Records from a data collection
◇ ◇ ◇ ◇ ◇ ◇ ◇
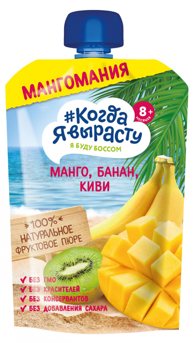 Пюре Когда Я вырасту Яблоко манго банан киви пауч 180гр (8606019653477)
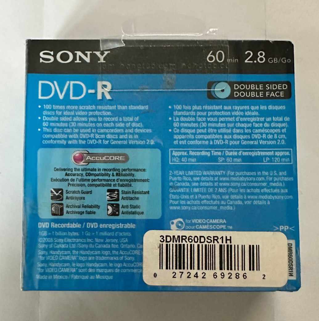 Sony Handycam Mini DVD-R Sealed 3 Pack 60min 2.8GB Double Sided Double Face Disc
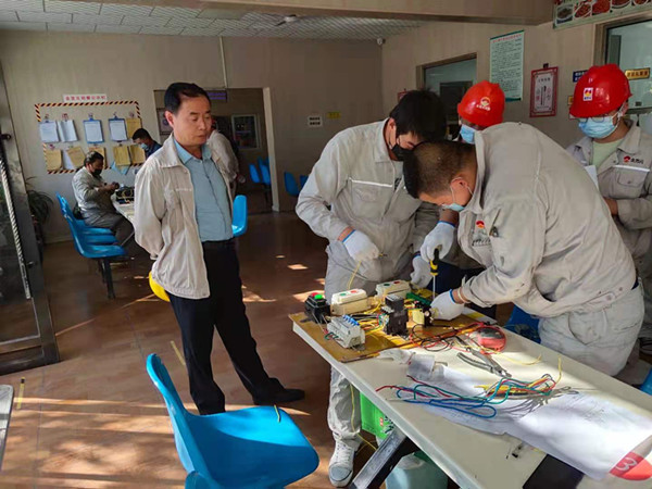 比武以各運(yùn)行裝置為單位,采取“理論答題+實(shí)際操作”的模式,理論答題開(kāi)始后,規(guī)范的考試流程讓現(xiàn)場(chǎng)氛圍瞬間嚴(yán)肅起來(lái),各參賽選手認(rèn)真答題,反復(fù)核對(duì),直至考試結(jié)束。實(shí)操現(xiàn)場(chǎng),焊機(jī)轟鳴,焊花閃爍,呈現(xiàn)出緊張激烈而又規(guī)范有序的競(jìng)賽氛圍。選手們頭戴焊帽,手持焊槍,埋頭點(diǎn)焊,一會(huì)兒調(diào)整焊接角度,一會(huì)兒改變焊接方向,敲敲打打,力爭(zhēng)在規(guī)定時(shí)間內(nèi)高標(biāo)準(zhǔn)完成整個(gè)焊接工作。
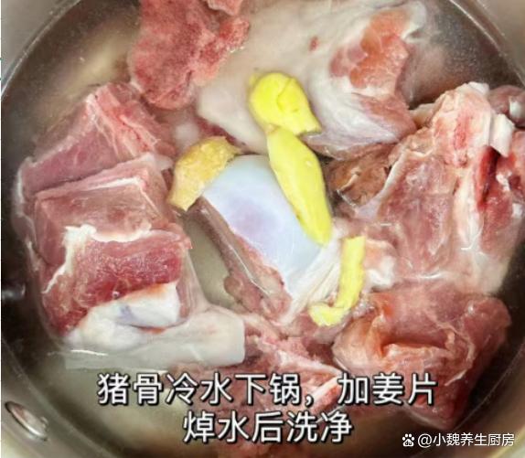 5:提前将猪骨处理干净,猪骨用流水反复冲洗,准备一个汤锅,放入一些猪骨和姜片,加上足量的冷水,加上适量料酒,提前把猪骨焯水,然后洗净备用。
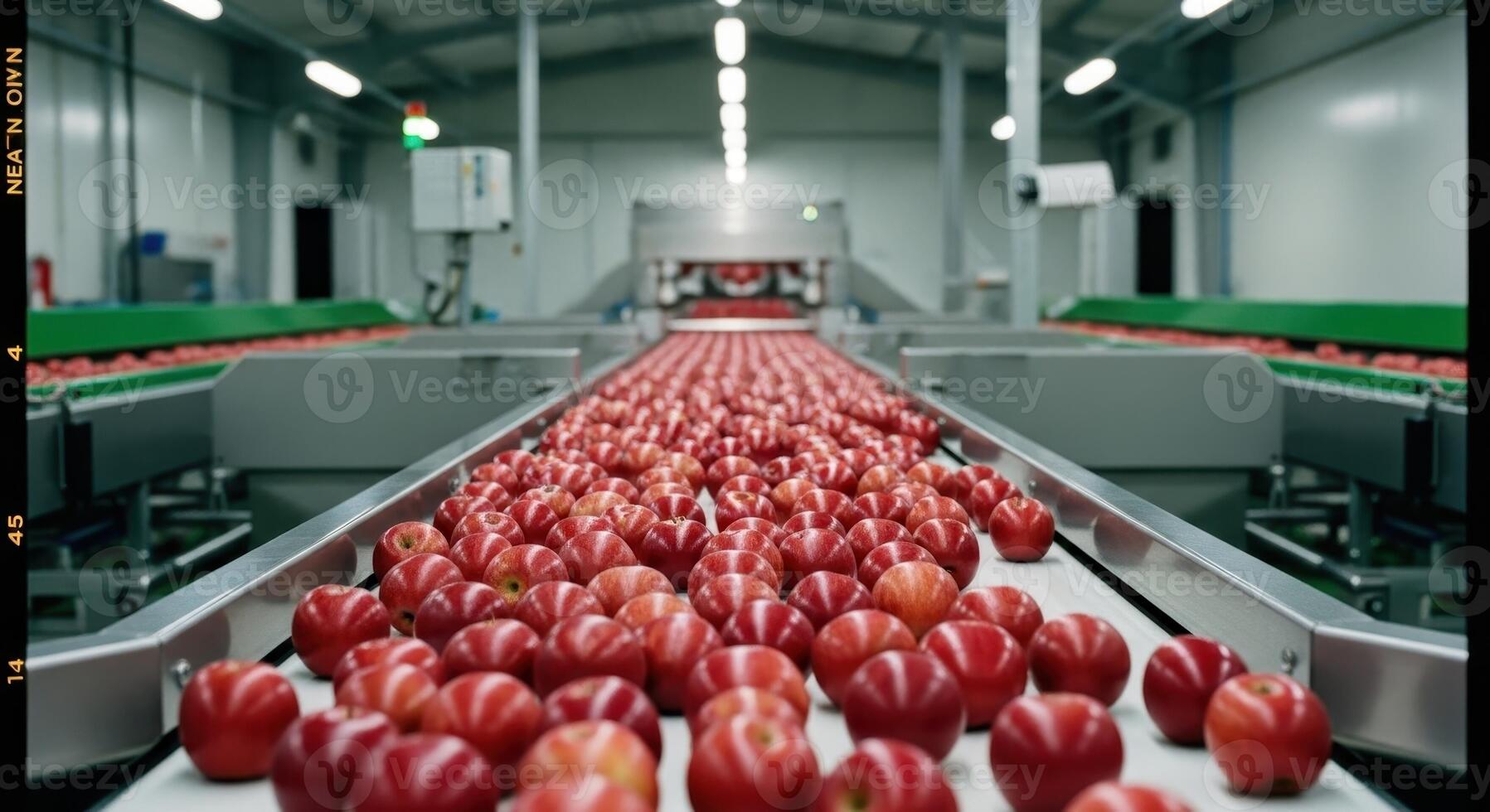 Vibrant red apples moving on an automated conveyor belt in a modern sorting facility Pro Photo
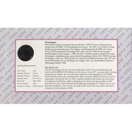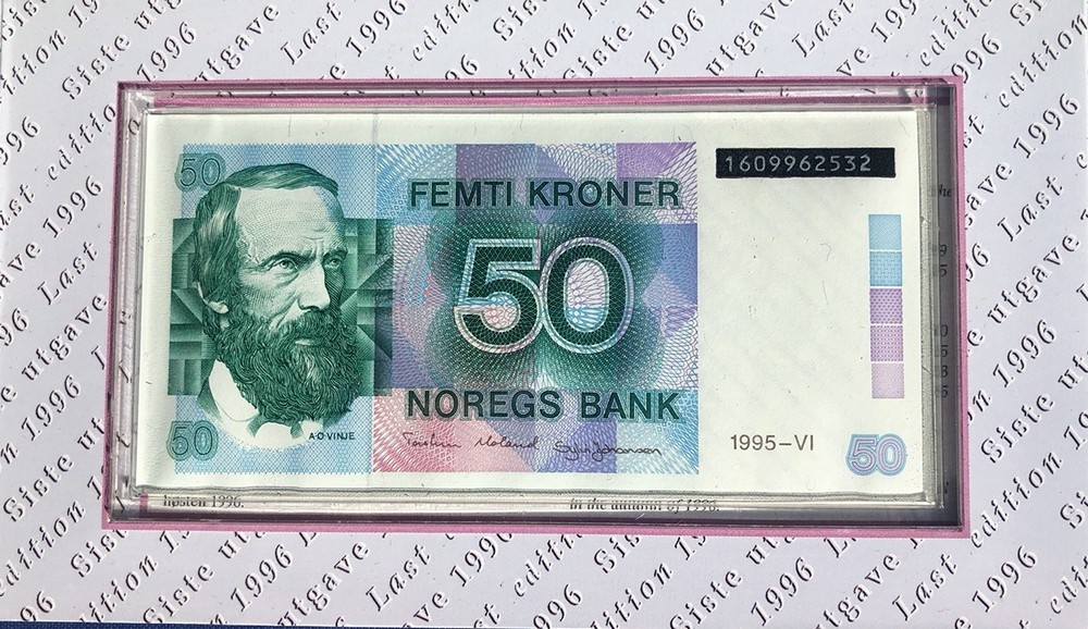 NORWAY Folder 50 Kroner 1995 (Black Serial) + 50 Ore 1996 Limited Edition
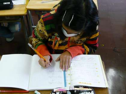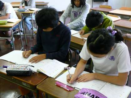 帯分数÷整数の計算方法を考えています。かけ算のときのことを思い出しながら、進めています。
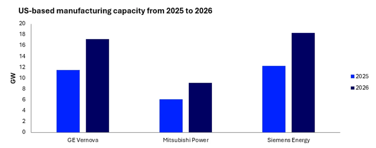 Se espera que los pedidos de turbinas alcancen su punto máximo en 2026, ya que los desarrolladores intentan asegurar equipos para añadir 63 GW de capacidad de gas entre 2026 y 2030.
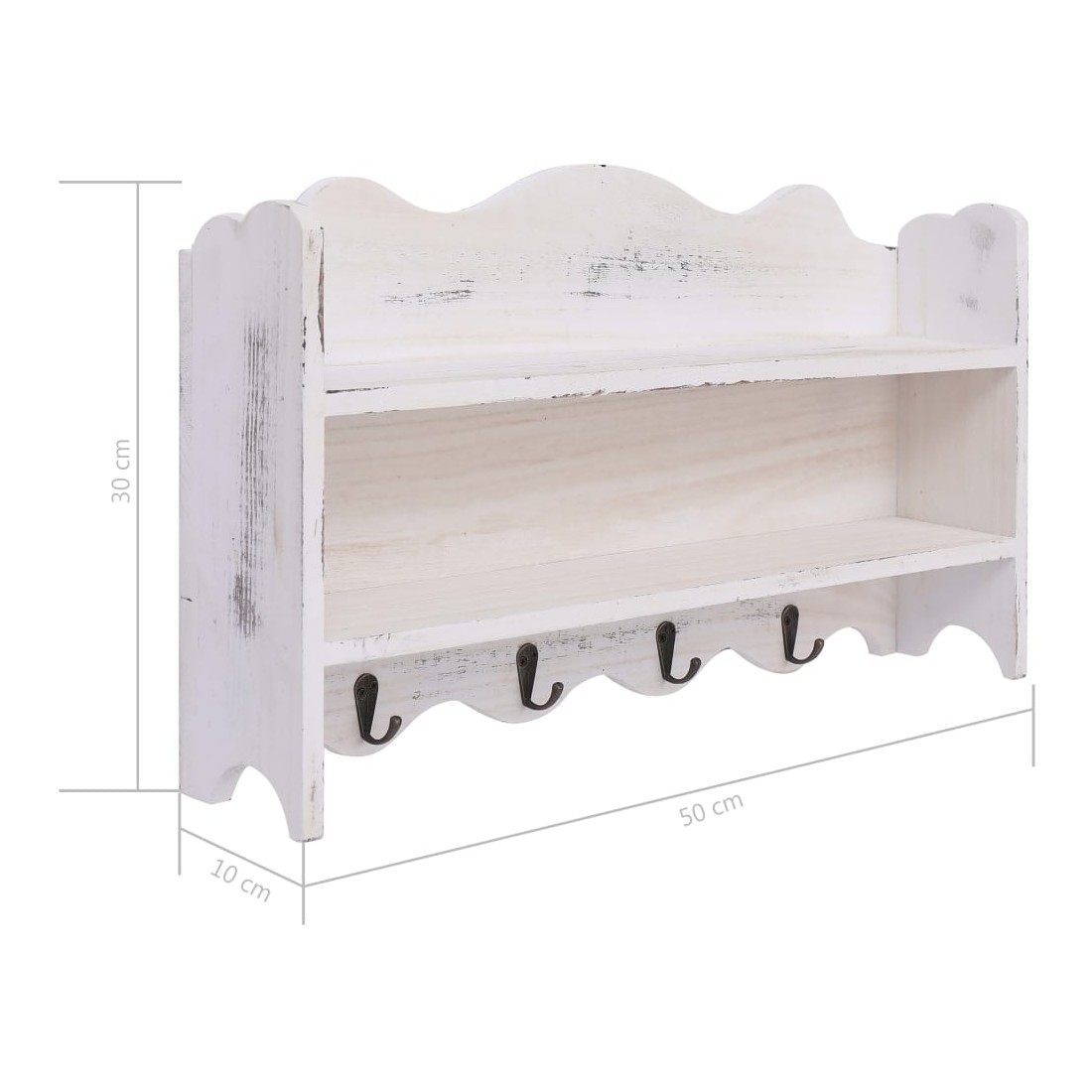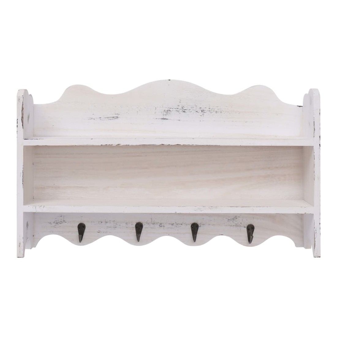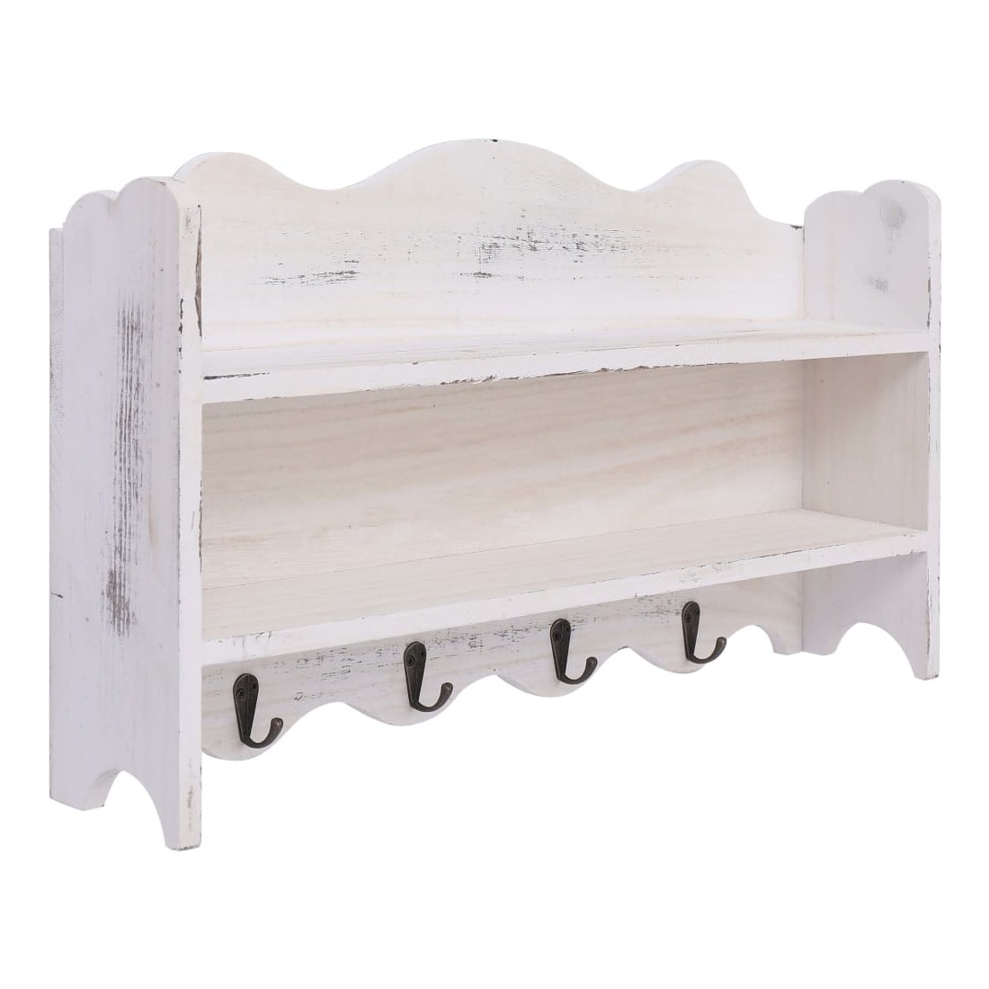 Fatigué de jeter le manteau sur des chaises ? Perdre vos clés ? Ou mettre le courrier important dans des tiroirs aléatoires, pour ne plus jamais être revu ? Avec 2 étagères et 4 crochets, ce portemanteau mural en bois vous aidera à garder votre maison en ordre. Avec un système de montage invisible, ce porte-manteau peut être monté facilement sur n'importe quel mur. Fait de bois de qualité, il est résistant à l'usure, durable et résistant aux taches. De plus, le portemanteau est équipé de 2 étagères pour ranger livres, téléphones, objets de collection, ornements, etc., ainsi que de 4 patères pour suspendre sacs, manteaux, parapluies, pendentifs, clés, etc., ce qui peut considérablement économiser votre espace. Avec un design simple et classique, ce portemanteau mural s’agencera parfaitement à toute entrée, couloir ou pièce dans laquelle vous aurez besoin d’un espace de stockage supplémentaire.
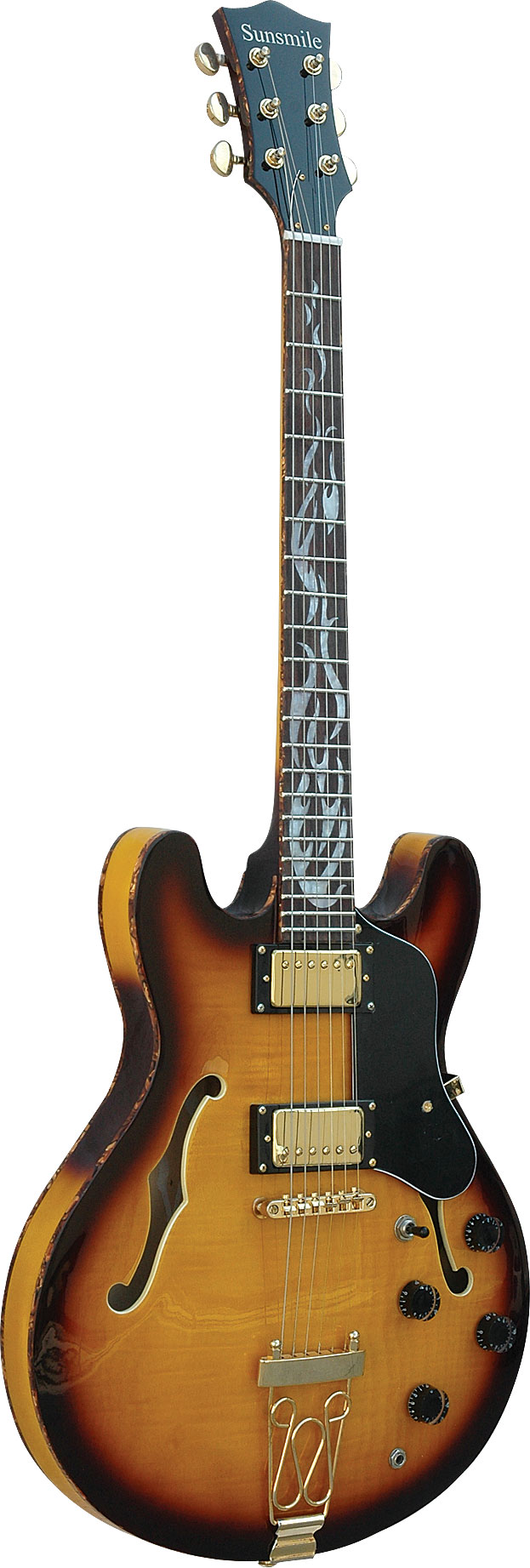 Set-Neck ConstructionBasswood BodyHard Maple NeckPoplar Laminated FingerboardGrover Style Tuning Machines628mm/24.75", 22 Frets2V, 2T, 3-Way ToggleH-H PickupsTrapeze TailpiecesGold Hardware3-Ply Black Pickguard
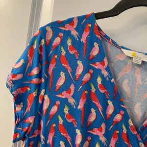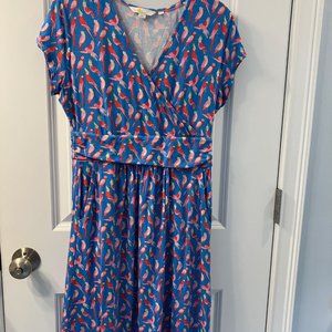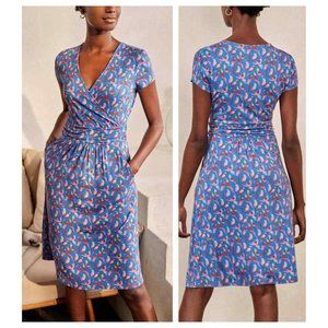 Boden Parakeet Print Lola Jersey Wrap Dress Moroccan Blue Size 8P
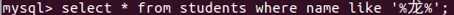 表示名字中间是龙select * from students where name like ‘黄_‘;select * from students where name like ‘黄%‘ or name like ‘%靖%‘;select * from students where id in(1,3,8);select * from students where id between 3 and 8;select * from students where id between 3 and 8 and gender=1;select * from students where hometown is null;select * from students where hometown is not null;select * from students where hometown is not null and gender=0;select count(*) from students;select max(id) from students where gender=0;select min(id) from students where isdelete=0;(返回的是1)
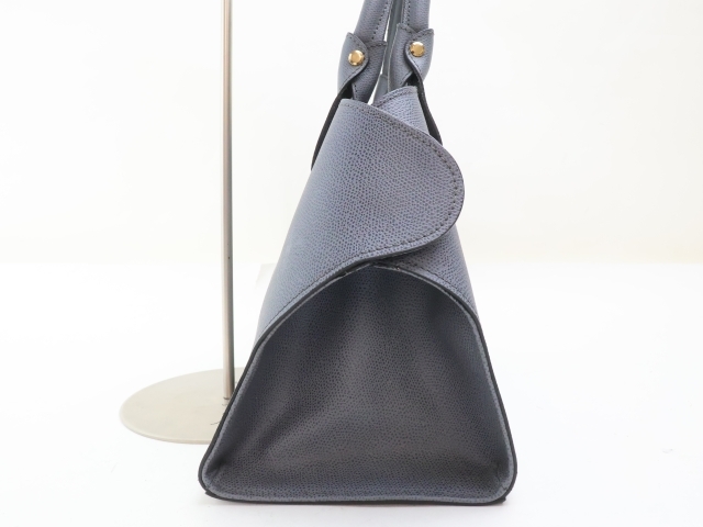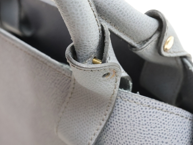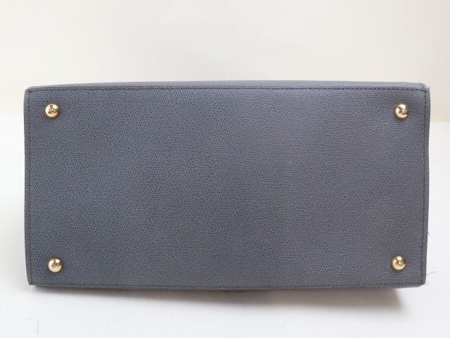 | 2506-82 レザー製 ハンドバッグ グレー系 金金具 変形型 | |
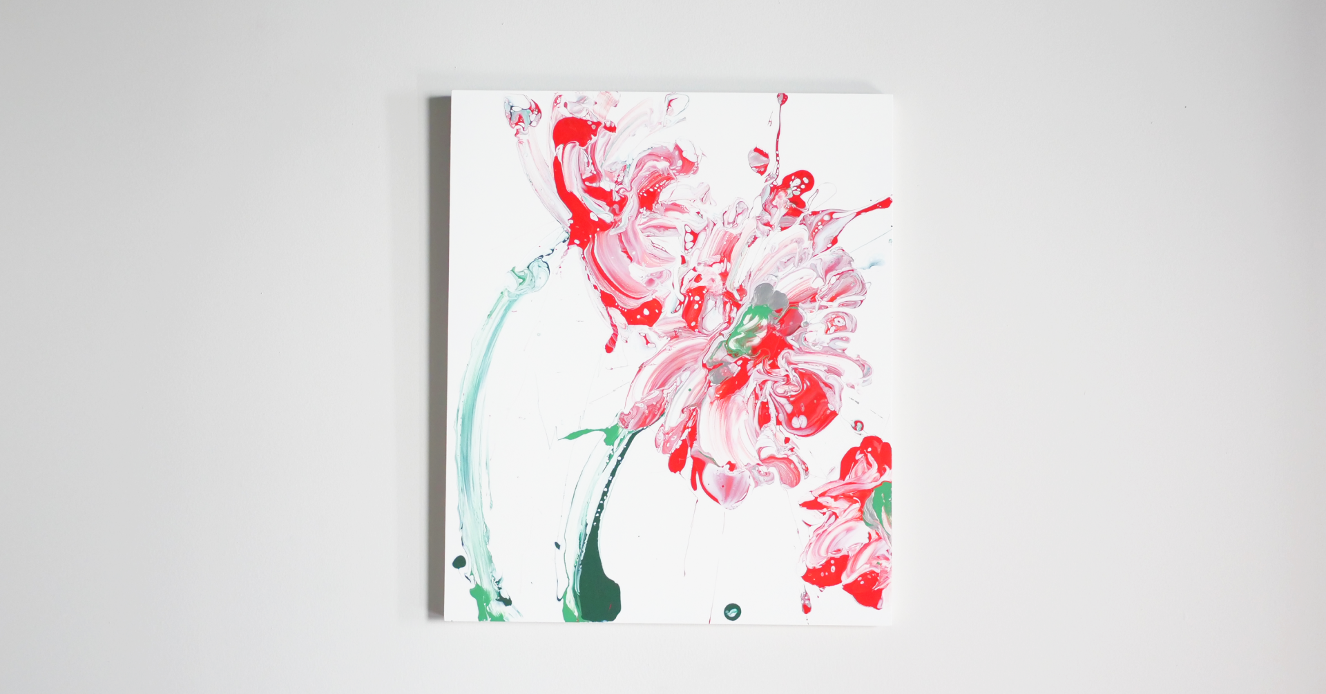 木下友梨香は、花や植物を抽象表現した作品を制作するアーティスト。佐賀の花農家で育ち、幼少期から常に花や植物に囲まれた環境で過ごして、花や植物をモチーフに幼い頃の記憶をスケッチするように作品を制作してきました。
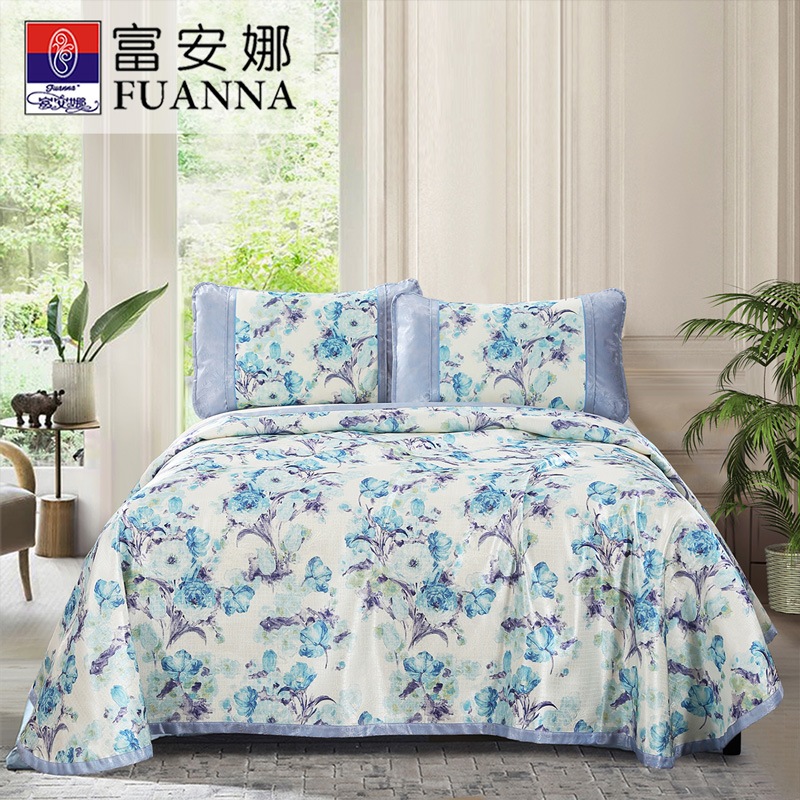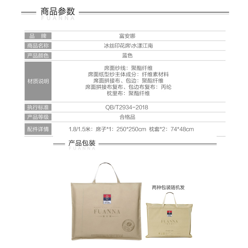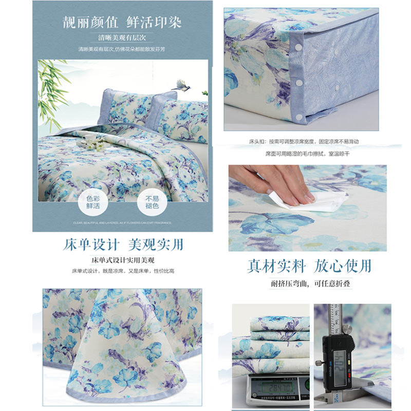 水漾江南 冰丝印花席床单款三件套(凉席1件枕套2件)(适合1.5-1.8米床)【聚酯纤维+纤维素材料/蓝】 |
◇ ◇ ◇ ◇ ◇ ◇ ◇
* Brief:
Pictures aside, return exactly the lines from the data above, starting at the line that has "5:提前将猪骨处理干净,猪骨" and ending at the line that has "Se espera que", both included.

* Answer to this task:
 5:提前将猪骨处理干净,猪骨用流水反复冲洗,准备一个汤锅,放入一些猪骨和姜片,加上足量的冷水,加上适量料酒,提前把猪骨焯水,然后洗净备用。
 Vibrant red apples moving on an automated conveyor belt in a modern sorting facility Pro Photo
 NORWAY Folder 50 Kroner 1995 (Black Serial) + 50 Ore 1996 Limited Edition
 帯分数÷整数の計算方法を考えています。かけ算のときのことを思い出しながら、進めています。
 Se espera que los pedidos de turbinas alcancen su punto máximo en 2026, ya que los desarrolladores intentan asegurar equipos para añadir 63 GW de capacidad de gas entre 2026 y 2030.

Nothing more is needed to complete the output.